• _Action item_:
Output only the lines of the entries that follow, starting at the one with "Grazie alla tecnologia" and running down to the one with "All In Casino", both included and unchanged.

• _Records_:
########
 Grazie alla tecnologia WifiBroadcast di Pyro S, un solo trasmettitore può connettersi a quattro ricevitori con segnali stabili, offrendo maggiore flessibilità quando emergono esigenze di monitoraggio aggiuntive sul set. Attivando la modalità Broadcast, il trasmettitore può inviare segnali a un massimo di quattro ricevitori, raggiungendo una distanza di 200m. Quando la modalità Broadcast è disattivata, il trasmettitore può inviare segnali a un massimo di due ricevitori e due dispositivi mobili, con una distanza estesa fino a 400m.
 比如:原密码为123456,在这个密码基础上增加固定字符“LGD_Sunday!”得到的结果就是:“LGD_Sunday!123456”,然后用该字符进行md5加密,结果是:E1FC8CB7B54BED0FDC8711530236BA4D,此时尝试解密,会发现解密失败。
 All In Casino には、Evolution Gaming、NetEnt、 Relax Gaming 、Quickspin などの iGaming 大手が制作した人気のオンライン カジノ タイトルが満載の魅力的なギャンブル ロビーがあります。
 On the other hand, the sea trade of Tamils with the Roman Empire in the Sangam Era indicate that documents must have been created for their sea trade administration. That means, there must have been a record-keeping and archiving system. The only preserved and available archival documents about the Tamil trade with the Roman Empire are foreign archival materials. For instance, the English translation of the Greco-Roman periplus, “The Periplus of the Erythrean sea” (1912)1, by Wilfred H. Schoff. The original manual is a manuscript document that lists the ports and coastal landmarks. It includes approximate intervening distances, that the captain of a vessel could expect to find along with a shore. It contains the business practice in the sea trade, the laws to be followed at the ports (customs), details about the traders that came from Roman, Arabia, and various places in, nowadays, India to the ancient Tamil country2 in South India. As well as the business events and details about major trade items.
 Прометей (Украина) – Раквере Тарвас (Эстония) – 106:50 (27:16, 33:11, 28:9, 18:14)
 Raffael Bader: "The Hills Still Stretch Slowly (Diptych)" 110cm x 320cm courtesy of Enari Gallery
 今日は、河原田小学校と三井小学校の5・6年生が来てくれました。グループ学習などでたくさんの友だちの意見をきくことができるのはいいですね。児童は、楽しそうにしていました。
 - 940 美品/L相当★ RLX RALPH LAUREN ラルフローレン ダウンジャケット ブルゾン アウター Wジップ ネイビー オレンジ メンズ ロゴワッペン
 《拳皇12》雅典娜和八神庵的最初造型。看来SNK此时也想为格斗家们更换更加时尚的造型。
########
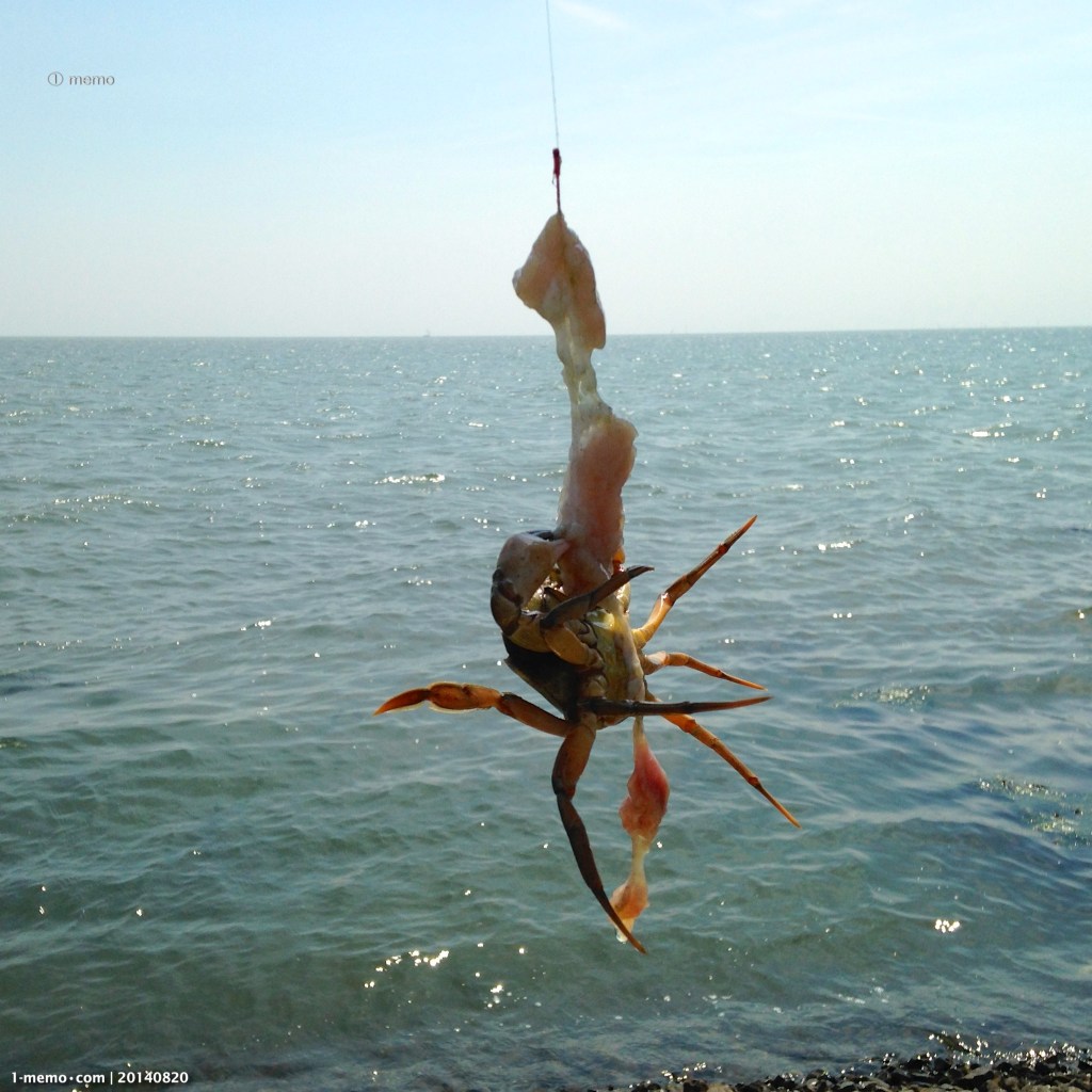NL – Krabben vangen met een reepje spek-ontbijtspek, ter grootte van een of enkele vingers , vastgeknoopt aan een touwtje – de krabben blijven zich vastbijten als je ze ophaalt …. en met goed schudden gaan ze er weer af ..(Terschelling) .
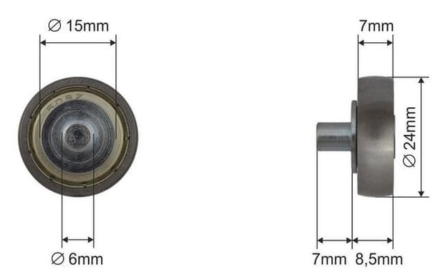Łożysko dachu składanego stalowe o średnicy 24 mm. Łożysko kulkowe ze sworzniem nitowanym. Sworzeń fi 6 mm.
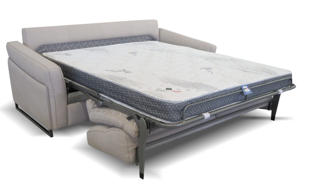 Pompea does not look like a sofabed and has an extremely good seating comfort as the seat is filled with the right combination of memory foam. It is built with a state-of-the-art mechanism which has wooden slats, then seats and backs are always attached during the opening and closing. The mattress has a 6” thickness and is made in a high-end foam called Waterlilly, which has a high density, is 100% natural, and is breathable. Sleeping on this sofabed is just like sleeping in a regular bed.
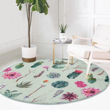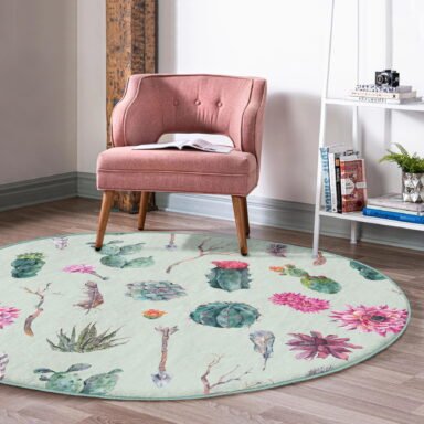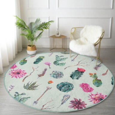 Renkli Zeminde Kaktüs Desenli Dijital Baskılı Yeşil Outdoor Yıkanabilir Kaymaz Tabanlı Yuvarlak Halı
########
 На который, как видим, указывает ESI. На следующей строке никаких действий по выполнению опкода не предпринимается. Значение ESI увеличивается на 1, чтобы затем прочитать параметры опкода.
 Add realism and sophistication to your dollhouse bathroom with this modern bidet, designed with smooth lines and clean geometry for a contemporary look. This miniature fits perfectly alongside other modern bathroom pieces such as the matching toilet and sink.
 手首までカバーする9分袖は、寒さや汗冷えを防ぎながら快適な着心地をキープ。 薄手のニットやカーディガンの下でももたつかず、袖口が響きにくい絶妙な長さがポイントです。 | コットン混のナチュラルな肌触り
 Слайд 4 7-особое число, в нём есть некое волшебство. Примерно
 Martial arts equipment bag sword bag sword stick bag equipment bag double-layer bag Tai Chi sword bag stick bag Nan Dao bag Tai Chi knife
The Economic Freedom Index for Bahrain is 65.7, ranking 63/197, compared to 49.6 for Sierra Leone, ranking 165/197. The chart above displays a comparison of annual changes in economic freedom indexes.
########
• _Completed exercise_:
 Grazie alla tecnologia WifiBroadcast di Pyro S, un solo trasmettitore può connettersi a quattro ricevitori con segnali stabili, offrendo maggiore flessibilità quando emergono esigenze di monitoraggio aggiuntive sul set. Attivando la modalità Broadcast, il trasmettitore può inviare segnali a un massimo di quattro ricevitori, raggiungendo una distanza di 200m. Quando la modalità Broadcast è disattivata, il trasmettitore può inviare segnali a un massimo di due ricevitori e due dispositivi mobili, con una distanza estesa fino a 400m.
 比如:原密码为123456,在这个密码基础上增加固定字符“LGD_Sunday!”得到的结果就是:“LGD_Sunday!123456”,然后用该字符进行md5加密,结果是:E1FC8CB7B54BED0FDC8711530236BA4D,此时尝试解密,会发现解密失败。
 All In Casino には、Evolution Gaming、NetEnt、 Relax Gaming 、Quickspin などの iGaming 大手が制作した人気のオンライン カジノ タイトルが満載の魅力的なギャンブル ロビーがあります。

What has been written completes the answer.